* _GIVEN MATERIAL_:
= = = = =

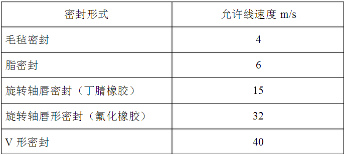 接觸式密封圈產品的允許速度因滑動表面粗糙度、精度、潤滑、使用溫度等不同而不同,參考值如下表所示:
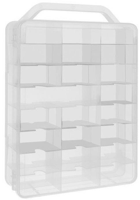 Úložný box – umožní vystavit modely aut a další kolekce, materiál plast, počet přihrádek 46, rozměr velké přihrádky 16 × 3,9 cm, velikost malé přihrádky 7,9 × 3,9 cm, rozměry kufru 33 × 25 ×…
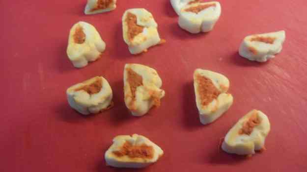 - En una meitat hi posem sobrassada i la dobleguem fent dos dobles fins al centre i fem el maitex per l’altre costat, la posem una estona al congelador perque es pugui tallar millor

= = = = =

* _WORK INSTRUCTIONS_:
Set down the material once more, exactly, with the pictures omitted.

* _OUTPUT FOR THIS TASK_:
 接觸式密封圈產品的允許速度因滑動表面粗糙度、精度、潤滑、使用溫度等不同而不同,參考值如下表所示:
 Úložný box – umožní vystavit modely aut a další kolekce, materiál plast, počet přihrádek 46, rozměr velké přihrádky 16 × 3,9 cm, velikost malé přihrádky 7,9 × 3,9 cm, rozměry kufru 33 × 25 ×…
 - En una meitat hi posem sobrassada i la dobleguem fent dos dobles fins al centre i fem el maitex per l’altre costat, la posem una estona al congelador perque es pugui tallar millor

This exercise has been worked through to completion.